*** Given material ***
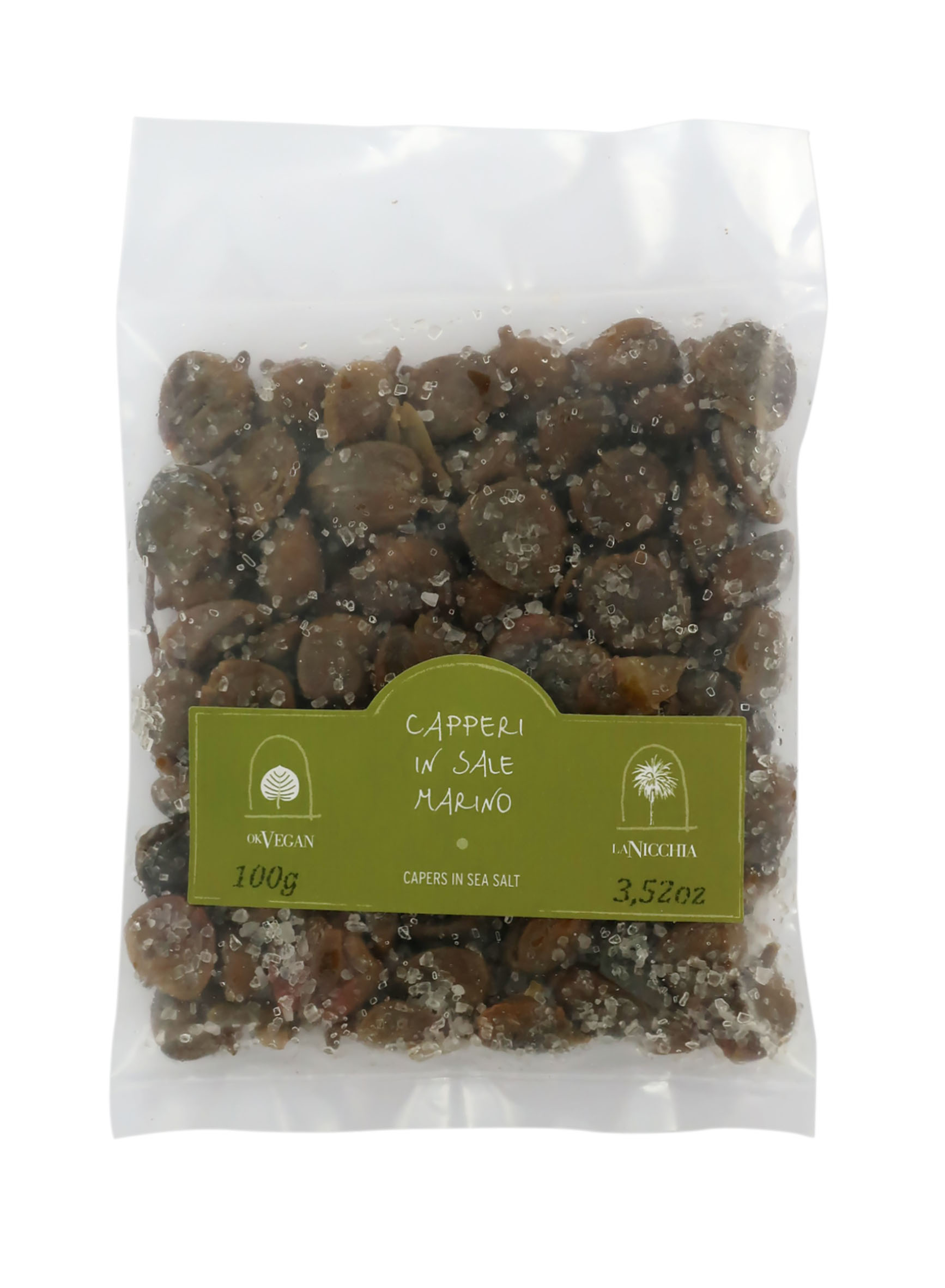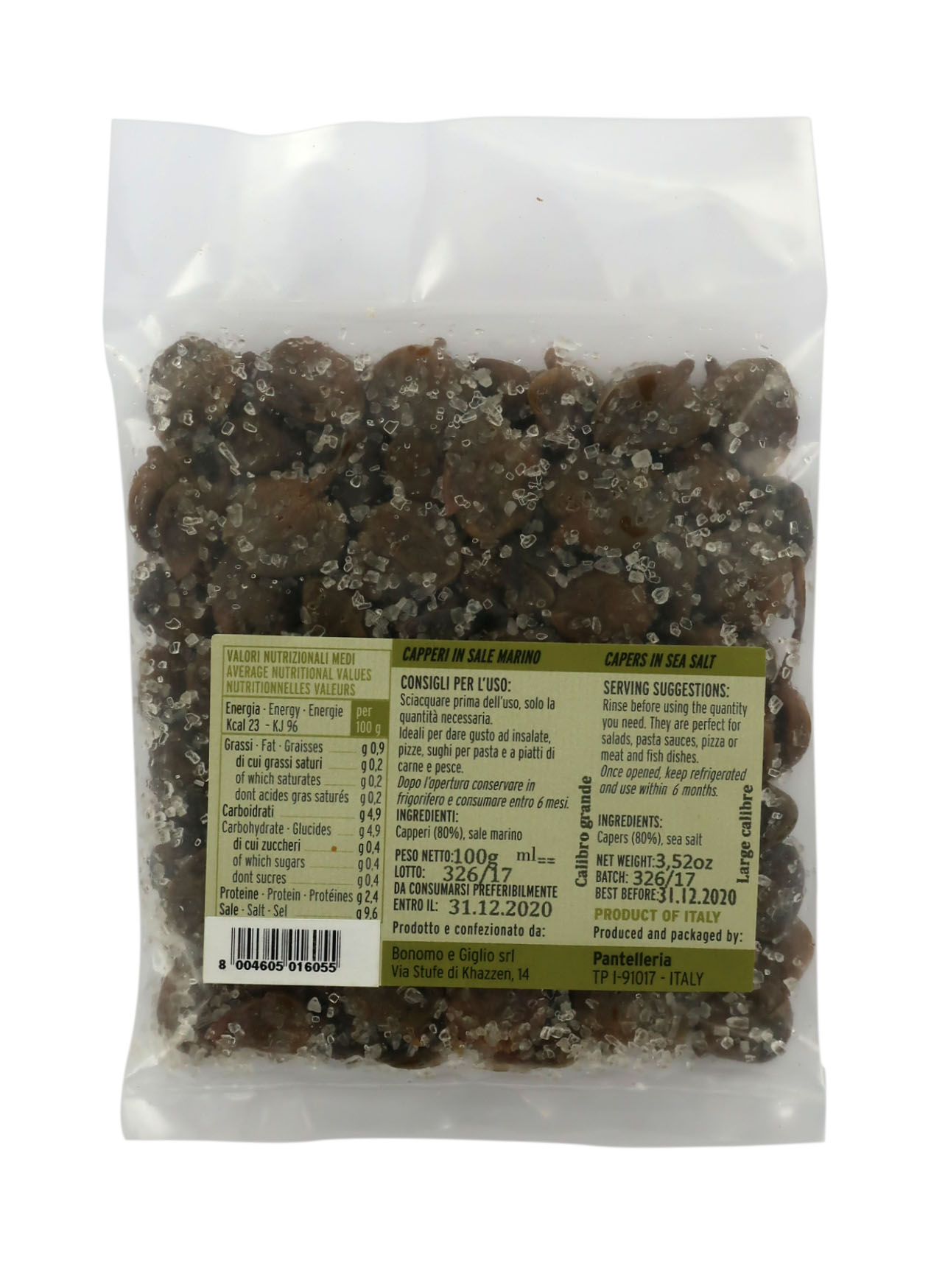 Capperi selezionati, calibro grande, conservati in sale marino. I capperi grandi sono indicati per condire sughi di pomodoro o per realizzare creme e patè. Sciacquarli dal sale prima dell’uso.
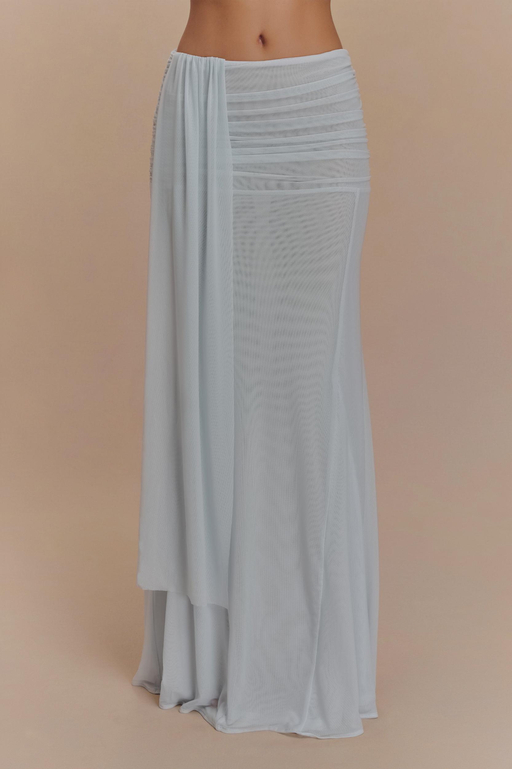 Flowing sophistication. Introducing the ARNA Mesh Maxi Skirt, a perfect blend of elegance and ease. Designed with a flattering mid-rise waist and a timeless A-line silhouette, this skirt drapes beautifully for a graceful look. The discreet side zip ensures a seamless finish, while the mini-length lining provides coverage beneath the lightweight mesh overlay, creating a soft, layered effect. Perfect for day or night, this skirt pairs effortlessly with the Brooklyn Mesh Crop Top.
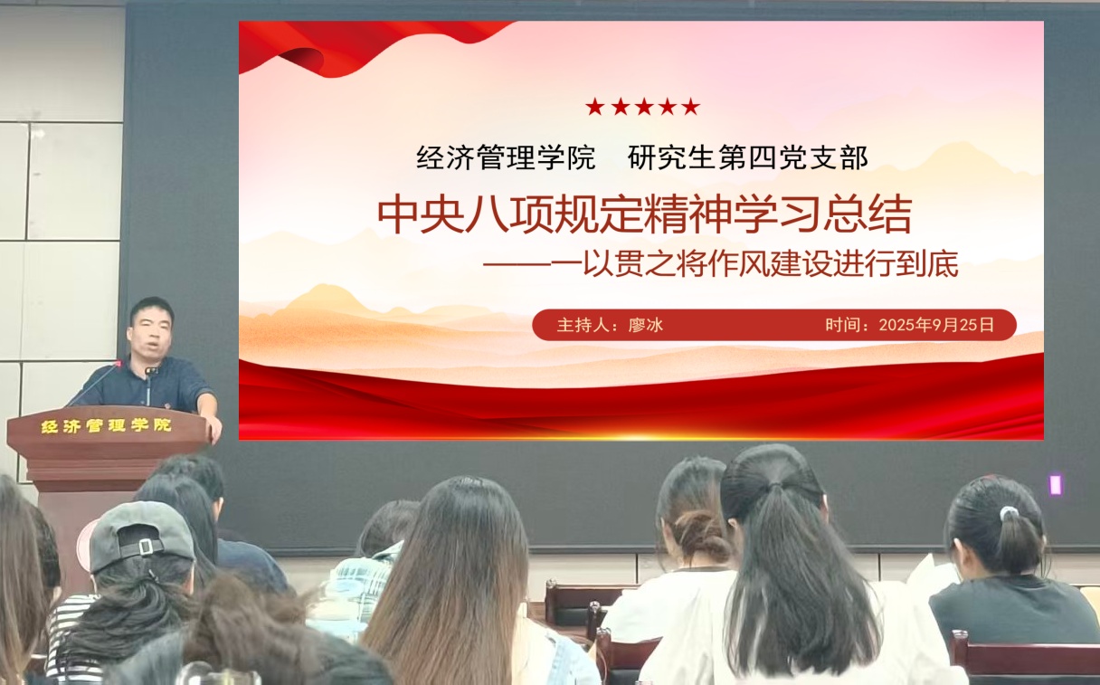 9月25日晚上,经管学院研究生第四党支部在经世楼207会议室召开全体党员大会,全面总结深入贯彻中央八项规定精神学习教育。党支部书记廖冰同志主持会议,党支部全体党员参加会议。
***
**Your task:**
Write out exactly the lines beginning with the line that holds "Flowing sophistication. Introducing" and ending with the final line of the data, both ends included, without the pictures.

**Worked solution:**
 Flowing sophistication. Introducing the ARNA Mesh Maxi Skirt, a perfect blend of elegance and ease. Designed with a flattering mid-rise waist and a timeless A-line silhouette, this skirt drapes beautifully for a graceful look. The discreet side zip ensures a seamless finish, while the mini-length lining provides coverage beneath the lightweight mesh overlay, creating a soft, layered effect. Perfect for day or night, this skirt pairs effortlessly with the Brooklyn Mesh Crop Top.
 9月25日晚上,经管学院研究生第四党支部在经世楼207会议室召开全体党员大会,全面总结深入贯彻中央八项规定精神学习教育。党支部书记廖冰同志主持会议,党支部全体党员参加会议。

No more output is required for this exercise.